[Extracted information]

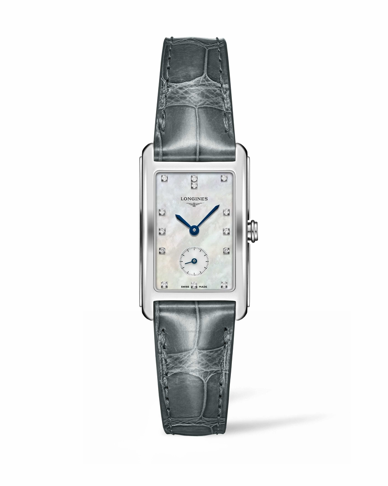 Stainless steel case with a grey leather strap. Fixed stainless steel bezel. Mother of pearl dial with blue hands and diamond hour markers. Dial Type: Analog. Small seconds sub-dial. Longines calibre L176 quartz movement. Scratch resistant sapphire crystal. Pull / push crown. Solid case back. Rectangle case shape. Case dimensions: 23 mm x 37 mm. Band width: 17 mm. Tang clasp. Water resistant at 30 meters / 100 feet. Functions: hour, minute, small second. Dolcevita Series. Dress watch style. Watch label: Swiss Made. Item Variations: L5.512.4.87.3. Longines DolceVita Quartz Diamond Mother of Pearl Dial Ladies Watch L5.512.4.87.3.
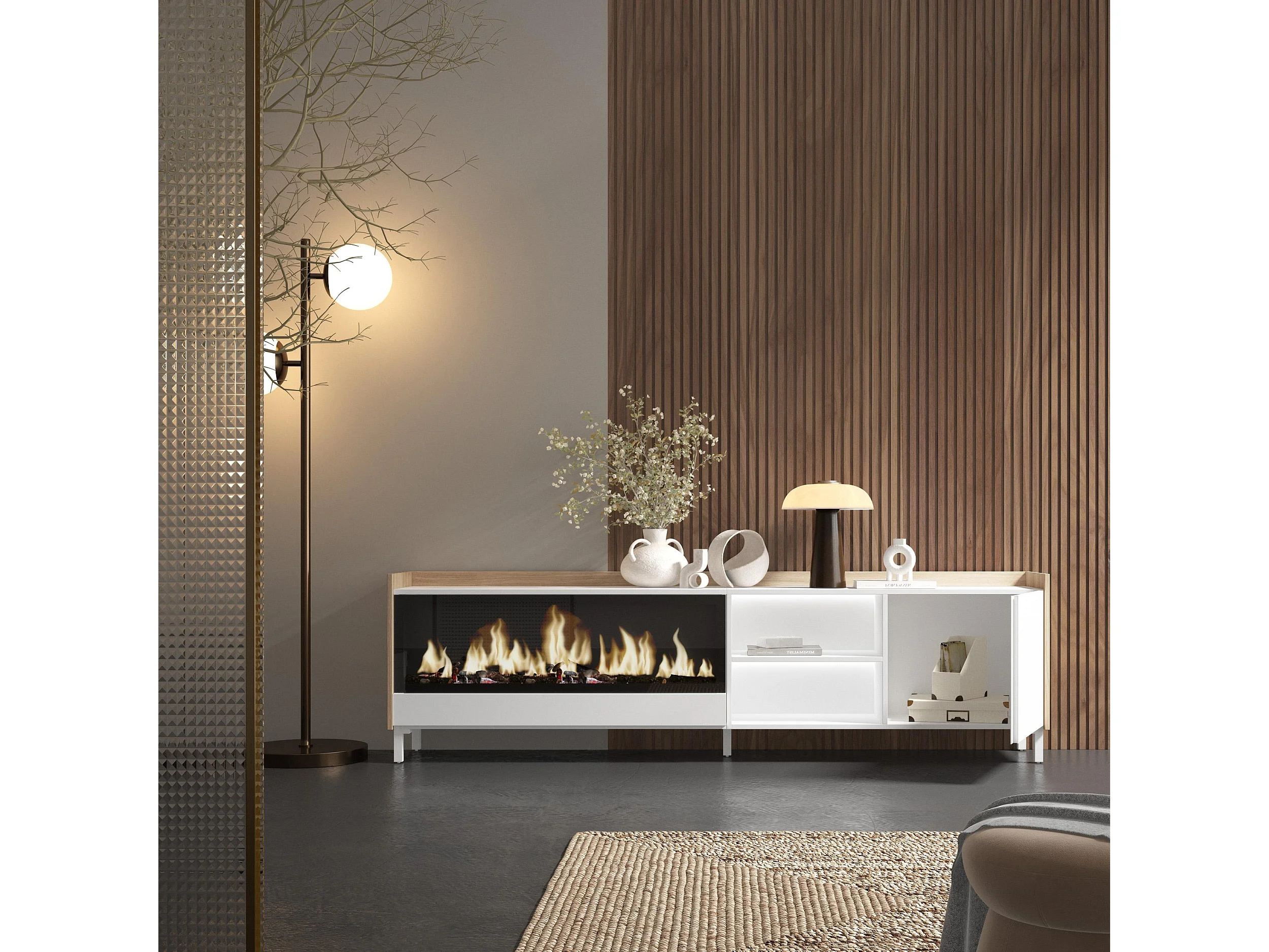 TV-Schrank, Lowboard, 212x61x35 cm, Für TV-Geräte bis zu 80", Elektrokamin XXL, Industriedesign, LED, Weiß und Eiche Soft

---

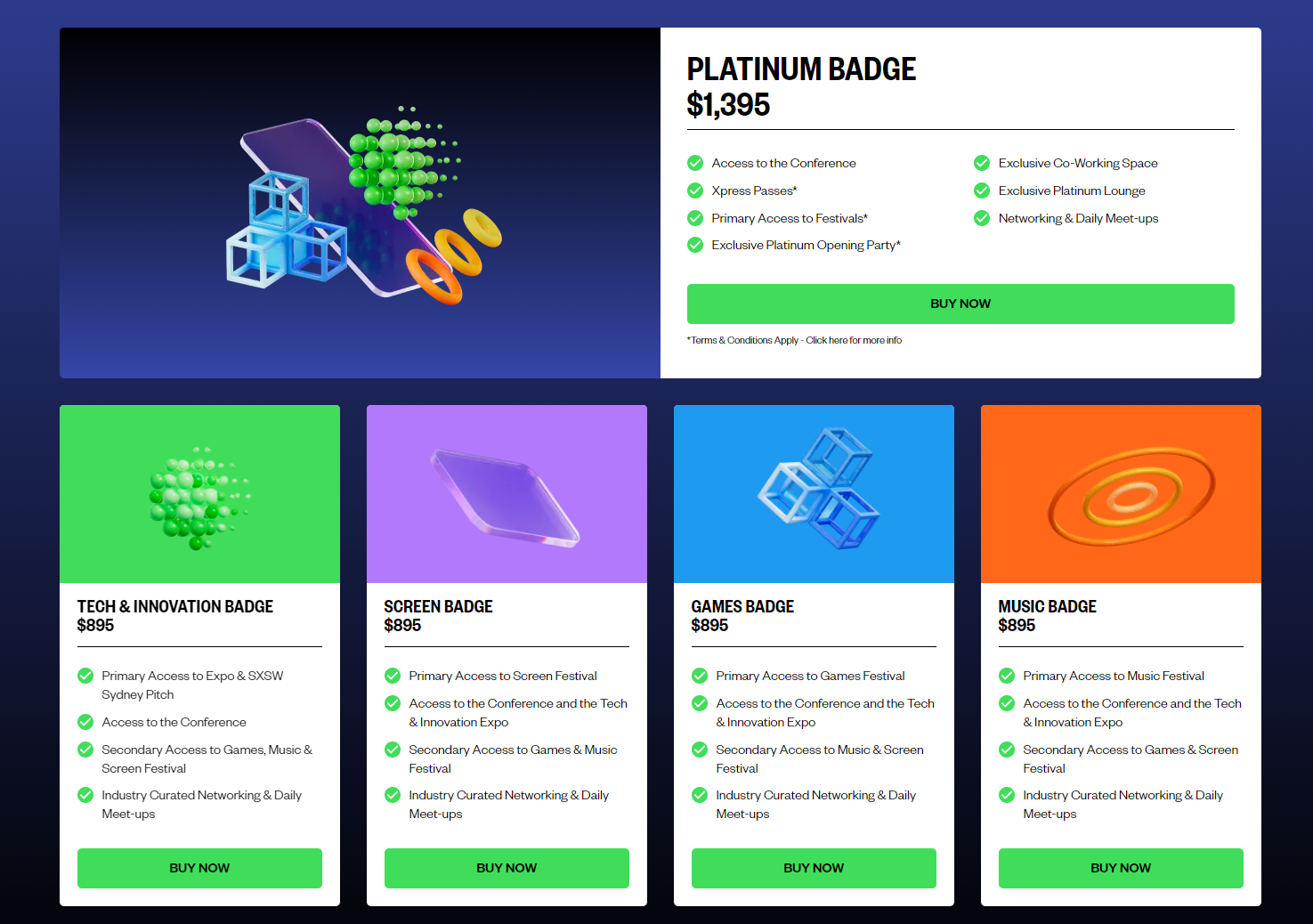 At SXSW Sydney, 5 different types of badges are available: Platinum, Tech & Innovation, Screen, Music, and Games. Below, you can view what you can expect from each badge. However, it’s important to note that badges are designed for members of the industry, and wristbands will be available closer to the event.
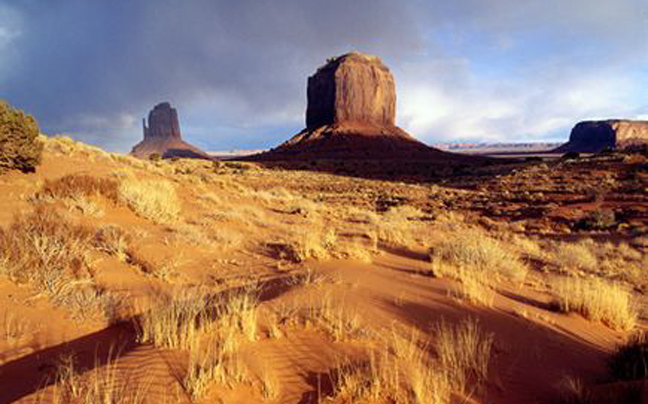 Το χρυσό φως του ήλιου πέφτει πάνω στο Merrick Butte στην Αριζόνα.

==

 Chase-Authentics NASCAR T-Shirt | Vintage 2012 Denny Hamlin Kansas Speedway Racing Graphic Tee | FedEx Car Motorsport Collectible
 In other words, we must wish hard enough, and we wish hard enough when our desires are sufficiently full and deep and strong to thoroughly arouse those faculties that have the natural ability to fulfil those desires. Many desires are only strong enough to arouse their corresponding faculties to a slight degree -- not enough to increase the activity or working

[Work instruction]
Please repeat the lines of the material above exactly, starting with the line that contains "Stainless steel case" and ending with the line that contains "TV-Schrank, Lowboard, 212x61x35". Leave the pictures out.

[The completed task]
 Stainless steel case with a grey leather strap. Fixed stainless steel bezel. Mother of pearl dial with blue hands and diamond hour markers. Dial Type: Analog. Small seconds sub-dial. Longines calibre L176 quartz movement. Scratch resistant sapphire crystal. Pull / push crown. Solid case back. Rectangle case shape. Case dimensions: 23 mm x 37 mm. Band width: 17 mm. Tang clasp. Water resistant at 30 meters / 100 feet. Functions: hour, minute, small second. Dolcevita Series. Dress watch style. Watch label: Swiss Made. Item Variations: L5.512.4.87.3. Longines DolceVita Quartz Diamond Mother of Pearl Dial Ladies Watch L5.512.4.87.3.
 TV-Schrank, Lowboard, 212x61x35 cm, Für TV-Geräte bis zu 80", Elektrokamin XXL, Industriedesign, LED, Weiß und Eiche Soft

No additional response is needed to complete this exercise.